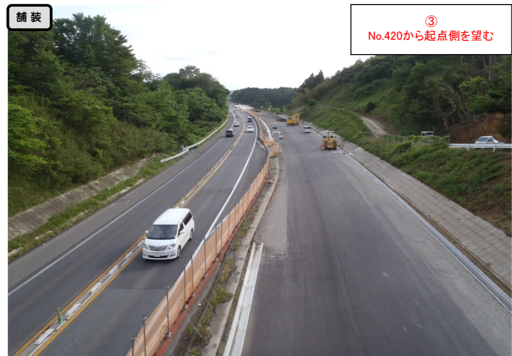
舗装 ③ No.420から起点側を望む
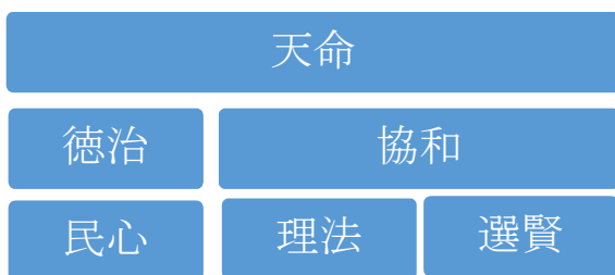
図2 筆者作成：三層説から改造された六部説
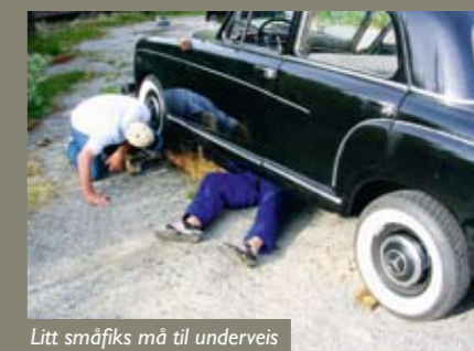
Litt småfiks må til underveis
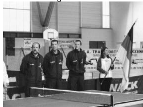
Drapeau allemand : Oberharmersbach

Comme prévu, la nationale 3 est encore trop forte pour notre équipe 1 (une seule victoire). 7 équipes engagées dans le championnat senior dont une équipe féminine (grande première sous la "houlette" de Gigi).
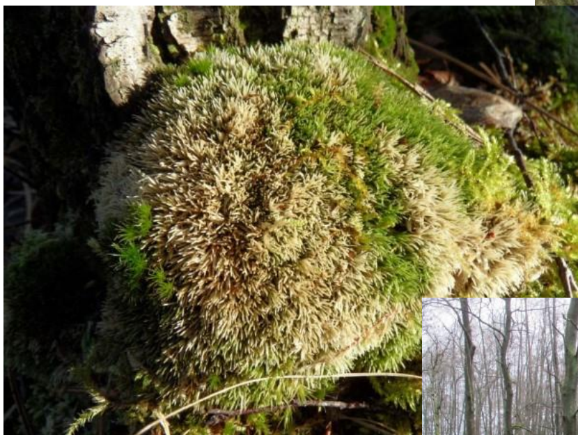
Op 16 februari vonden we dit kussentjesmos
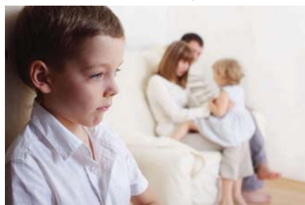
مشاركة الآباء في اللعب تساعد "طفل التوحد" على التعلم

تعيب الأسرة دورا رئيسيا في تربية وتعليم الأطفال المصابين باضطراب طيف التوحد، مما يعرضهم للعديد من المعوقات والصعوبات، لذلك وجهت المختصة في علم النفس التربوي في الجامعة المستنصرية الدكتورة إيمان بونس إبراهيم، وجهة نظرها إلى دراسة المطالب الاجتماعية للأسر، التي لديها أطفال مصابون باضطراب طيف التوحد، وكان الهدف أولا حدد هذه الأسئلة والتزم بها، ثم قدم معلومات إلى المسؤولين عن تعليم الأطفال المصابين بالتوحد، لإرشادهم في تقديم الدعم المناسب للأسر، حتى يتمكنوا من التقدم في التربية والتعليم، تعليم الأطفال وتزويدهم في نهاية المطاف بالاستقلال المناسب، على الرغم من عدم وجود أرقام دقيقة لأعداد المصابين بالتوحد في العراق، إلا أن انتشار معاهد الرعاية والتأهيل الخاصة بالتوحد
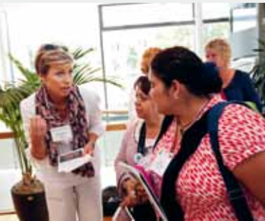
OMEP-kongressen Children, citizens in a challenged world hölls vid fakulteten i augusti.
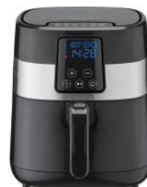
HEISSLUFTFRITTEUSE TASTY FRY
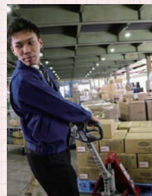
▲ハンドリフトなら、免許がなくても大丈夫♪
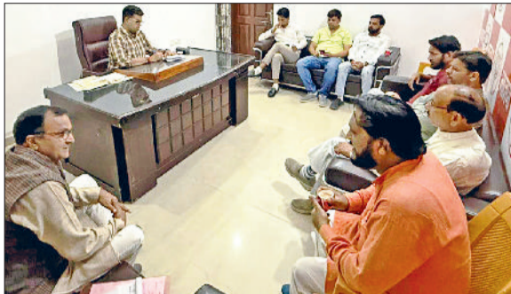
नारनौल। बैठक करते भागपा कार्यकर्ता।
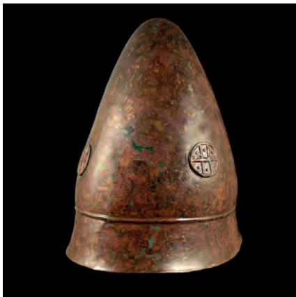
Hellenistischer Piloshelm 4. – 3. Jahrhundert v. Chr. aus Bronzeplatte geschlagen, mit spitz zulaufender Kalotte, Höhe: 24,2 cm
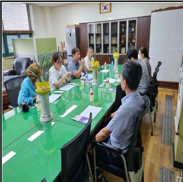
사진설명 : 사전설명회
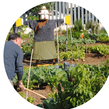
IMPLANTACIÓN Y GESTIÓN DE HUERTOS URBANOS
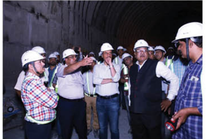
निदेशक (तकनीकी) के परियोजना दौरे के कुछ दृश्य
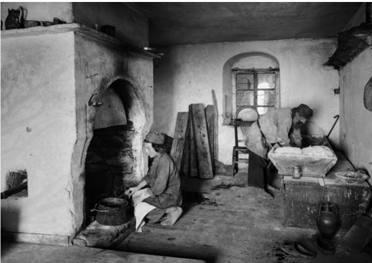
Γέρον και ὑποτακτικός
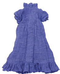
К Платье с защипами и оборками С. 24
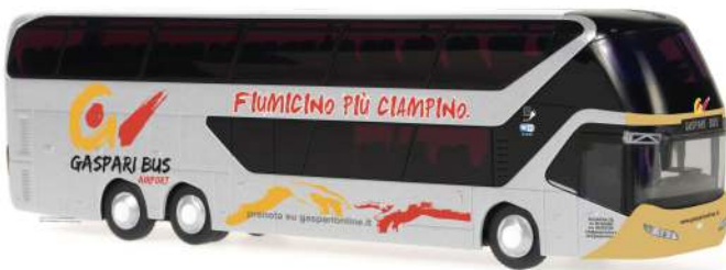
NEOPLAN Skyliner `11 „Gaspari Reisen“ 69027 | 1:87 | IT | PG 49
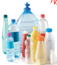
Bouteilles & flacons en plastique
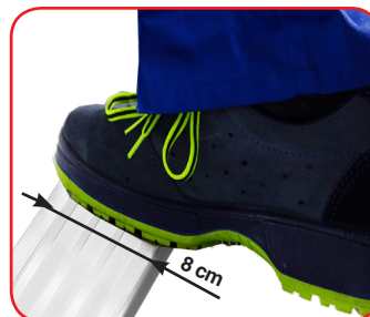
Gradino piano cm 8
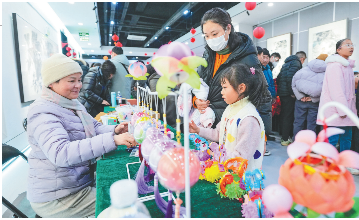
1月11日，市民们在活动中参观非遗项目展演。

全国审计工作会议暨全国审计机关先进集体和先进工作者表彰大会1月10日至11日在北京召开。会上，国务委员兼国务院秘书长吴政隆传达习近平重要指示，80个全国审计机关先进集体、45名先进工作者受到表彰。
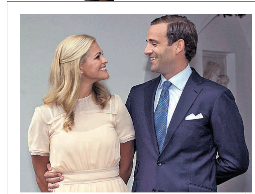
La princesa Magdalena de Suecia y su ex prometido, el día de su compromiso
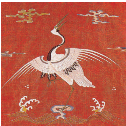
图 12: 红罗袍之“一品当朝”补子(山东博物馆藏)

较为遗憾的是, 这些传世服装缺乏具体的时代、服用对象、服用场合、穿着配伍等信息的确切记载, 并且已有的服装称谓与描述方式, 乃至服装尺寸信息均有不准确或难以理解的地方。笔者在研究过程中, 尽量从多渠道甄别已知信息。由于已知孔府旧藏文物的珍贵特性, 只能在展览或图录窥其貌, 尤其是只见于图录服装, 对其内部构造只能一边想象, 一边期待能够见到真正的文物。对孔府旧藏明代服装的研究还需要与未来发现的新资料作比较研究, 以及近距离观测实物, 才能得出更准确的结论。无论如何, 经由如上的综述与分析, 笔者对孔府旧藏明代传世服装作了初步的整理, 对其形制等内容
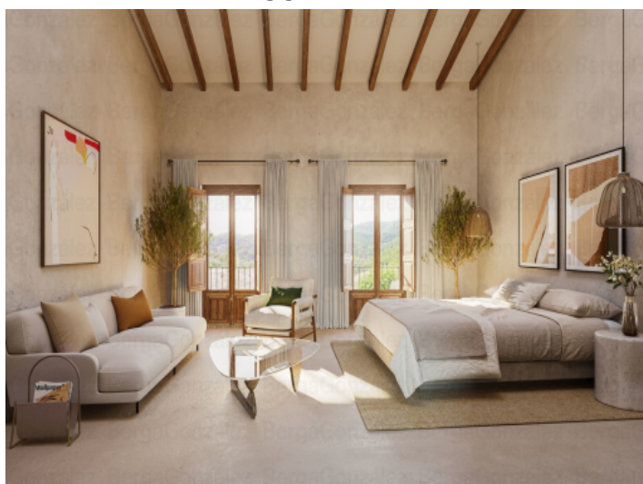
Schlafzimmer mit bodentiefen Fenstern
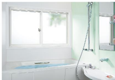
インプラス 浴室仕様 ユニットバスや在来浴室に後付けできる、浴室専用の商品。
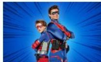
Опасният Хенри сезон 5, 10 епизод
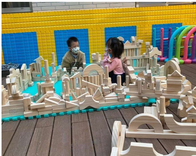
幾何積木建構:邏輯幾何概念~~拜登鐵塔
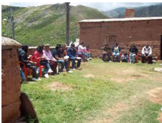
Figura 12: En el patio de la casa de los Cruces, en el momento antes del almuerzo comunitario. Año 2013.

Se diría entonces que la territorialidad asociada con el oratorio está dada en dos aspectos: por un lado en la materialidad del mismo, el que se produce en una dinámica semejante al de la iglesia y con la creación de relaciones entre los diferentes pisos ambientales propios de la zona para la obtención de recursos; por el otro lado, en el aspecto social, en torno a las relaciones cercanas a la familia celebrantes o por la adhesión que tenga el santito que se festeja, reforzando vínculos y territorialidades (Figura 12).
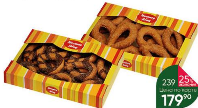
Изделие сдобное МАСТЕР-КОНД Княжий дар; какао, 300 г
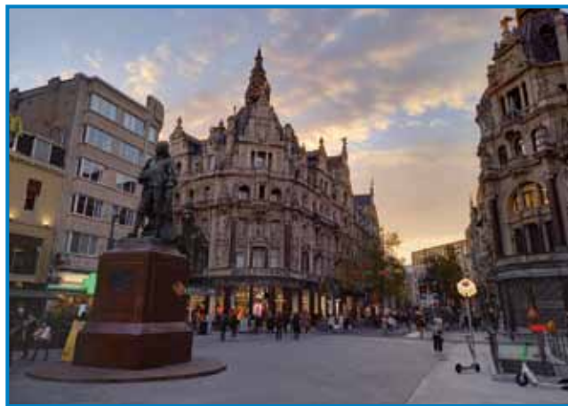
Antwerpen, kamor so hodili na izlete
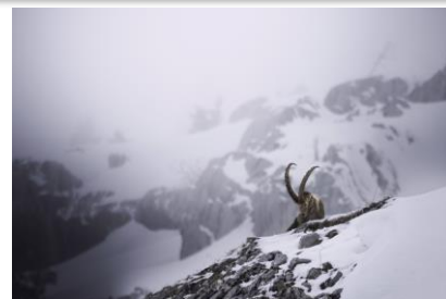
« Les funambules de l'hiver » PALOMARES Charline
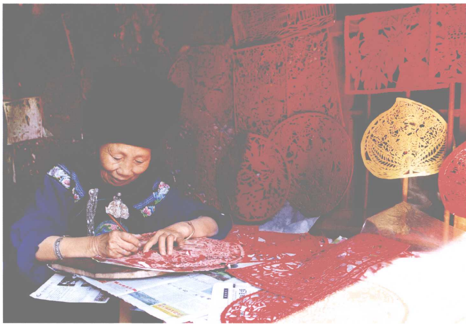
流行于湘西少数民族地区的凿花，是一项饶有特色的民族民间工艺。
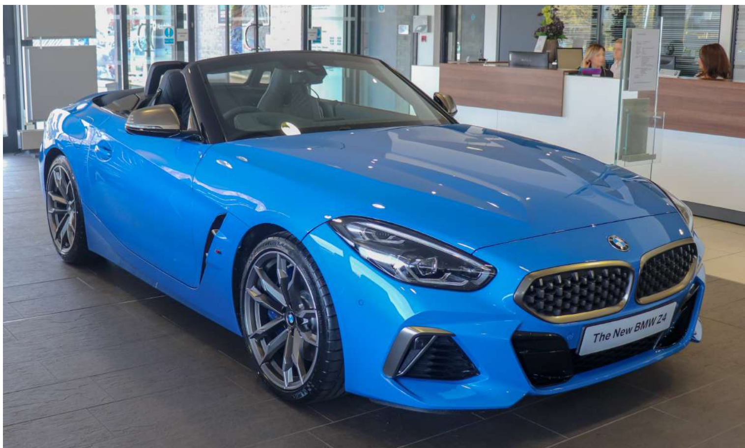
BMW Z4 G29 M40i 382 HP's Misano Blue

Os modelos sDrive são movidos pelo motor B48 de 4 cilindros em linha de 2.0 litros, enquanto o M40i é movido pelo motor B58 de 6 cilindros em linha. Todos os motores vêm com indução forçada e estão acoplados a uma transmissão automática de 8 velocidades.
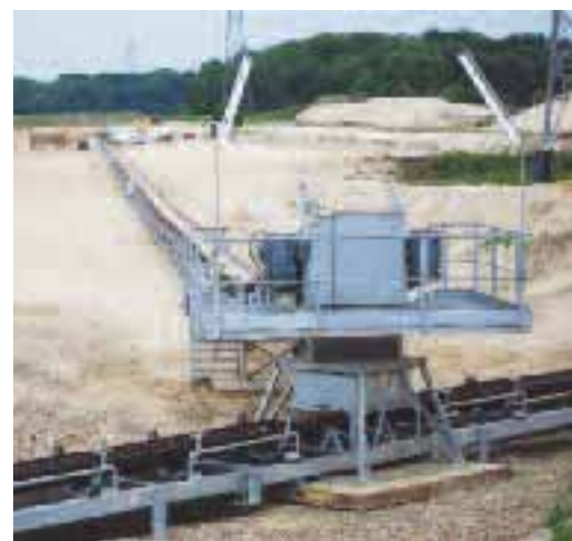
Le transport des matériaux extraits du site du futur bassin se fait par voie d'eau

extraits sera évacuée par voie fluviale et transportée par barges de 700 tonnes, à raison de deux convois par jour, vers les installations de traitement installées à Chevières et Longueil-Sainte-Marie. Cela évite ainsi 63 camions par jour, ce qui est plus écologique, et limite le trafic de poids lourds à l'entrée de Choisy-au-Bac. ■
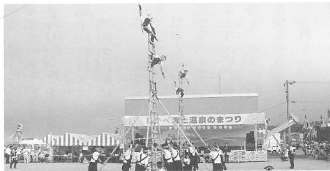
勇壮な、はしご乗り演技披露
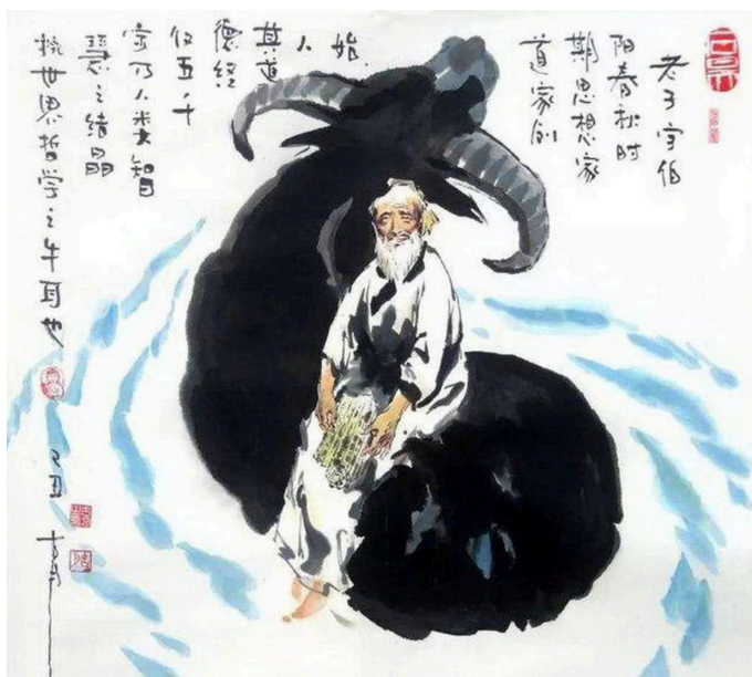
图 4.1 老子

只有一个人，真正找到了自己的生命的意义，抱定一个价值观毫不动摇，敢于面对任何挑战，就是老子所说的“不失其所者久，死而不亡者寿”，也只有达到了这个境界，才能看清事情本质，把自己的自然完美的融合，最终从道中来，到道中去。
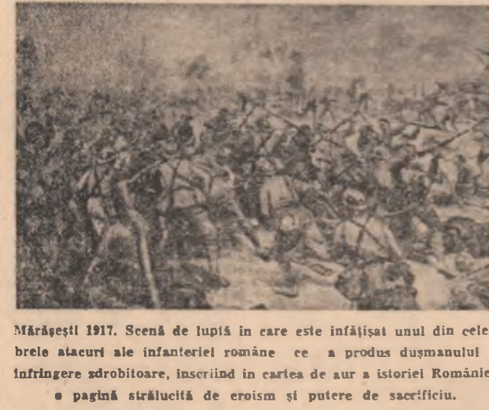
Mărășești 1917. Scenă de luptă în care este înfățișat unul din celebrele atacuri ale infanteriei române ce a produs dușmanului o înfrângere zdrobitoare, înscrisă în cartea de aur a istoriei României o pagină strălucită de eroism și putere de sacrificiu.

1914. Proletariatul, mișcarea socialistă au dezavut războiul imperialist, au organizat largi acțiuni de masă pentru înfrângerea acestuia.
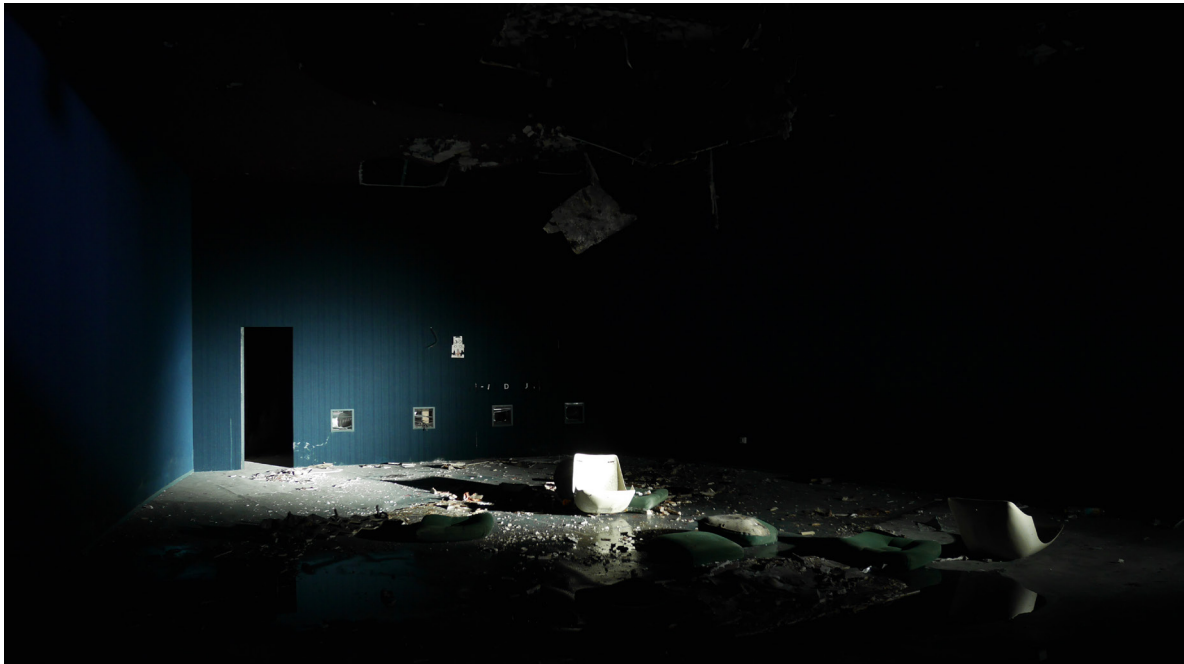
Cinéma Le Mistral

Notre projet comprend également un partenariat avec Valence Romans Agglomération, propriétaire du Mistral et financeur de LUX, via sa direction culture, également en charge, via sa direction économique du développement du Pôle de l'image animée.
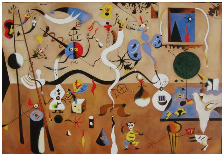
Lámina nº 2. El Carnaval de Arlequín (1924-1925), de Joan Miró, Albright-Knox Art Gallery en Buffalo (EE.UU).
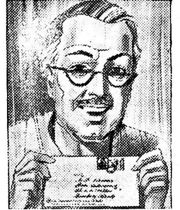
वीस वर्षानंतर पुन्हां पेसे परत
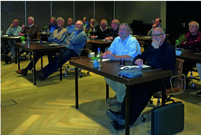
De ene helft van de aanwezigen ...

Voorheen, toen ik nog als vicevoorzitter actief was, regelde ik de inhoud van het programma. Dat heb ik zo lang gedaan dat het even wennen was om nu tot op de dag zelf in het ongewisse te zijn over het programma, maar het bracht ook wel rust. En er was uiteraard ook zonder mij weer een degelijk programma in elkaar gezet. En vandaag mocht ik dan gewoon deelnemen, hoefde ik niet bang te zijn om de boel te veel te sturen.
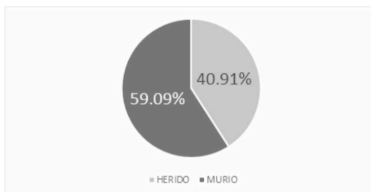
Figura 2: Mortalidad de los accidentes laborales en el rubro de la construcción
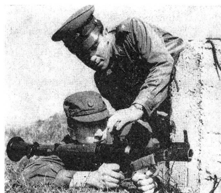
Ungarische Soldaten werden am Rak-Rohr ausgebildet

In zahlreichen Kasernen der ungarischen Volksarmee wurden neue, modern ausgestattete Lehrsäle, Fachklassen und Kabinette geschaffen, die eine bessere Ausbildung ermöglichen. Die meisten Ausbildungsstätten arbeiten jetzt mit elektronisch und automatisch oder zumindest halbautomatisch gesteuerten Einrichtungen und Anlagen. Bei der Ausbildung spielen Funk, Fernsehen und Film eine immer grössere Rolle. In mehreren Kasernen wurde auf Initiative der Volksarmisten und mit eigenen Mitteln ein objekteigenes Fernsehnetz für Unterricht und Ausbildung aufgebaut, das ein eigenes Programm sendet.
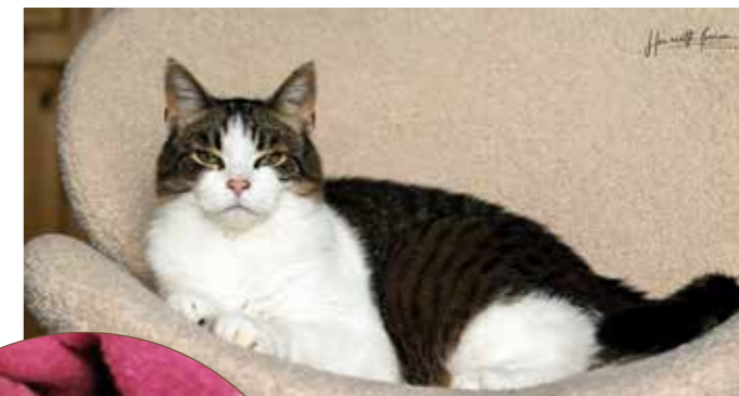
ULRIK ÅGE er en av mange katter som har fått et bedre liv.
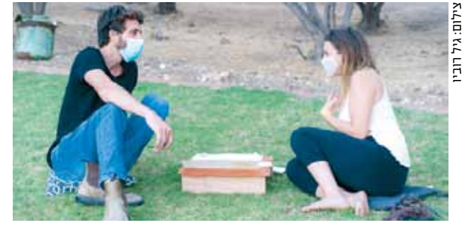
צומח לב. מוזיקה, אקרו יוגה, סדנאות רישום בטנץ, מדיטציה מונחית ועוד

פסטיבל "מקודשת" שמתקיים בירושלים זה עשור עוסק באמנות רבת-חומית - בעיקר שילובים יצירתיים בין מוזיקה, ספורט, מיצבים, תחושה חזקה של מקומיות ישראלית וירושלמית ופתיחות גדולה לעולם שבחוץ - משאמאנים טיבטיים ועד מוזיקה יהודית-ארמנית. עוד לפני התפרצות המגפה, החליטו מארגני הפסטיבל להתמקד השנה בהתארגנות לקראת

+---+

Search the data for the string "מוזיקה" and copy out every line where it is found.

צומח לב. מוזיקה, אקרו יוגה, סדנאות רישום בטנץ, מדיטציה מונחית ועוד
פסטיבל "מקודשת" שמתקיים בירושלים זה עשור עוסק באמנות רבת-חומית - בעיקר שילובים יצירתיים בין מוזיקה, ספורט, מיצבים, תחושה חזקה של מקומיות ישראלית וירושלמית ופתיחות גדולה לעולם שבחוץ - משאמאנים טיבטיים ועד מוזיקה יהודית-ארמנית. עוד לפני התפרצות המגפה, החליטו מארגני הפסטיבל להתמקד השנה בהתארגנות לקראת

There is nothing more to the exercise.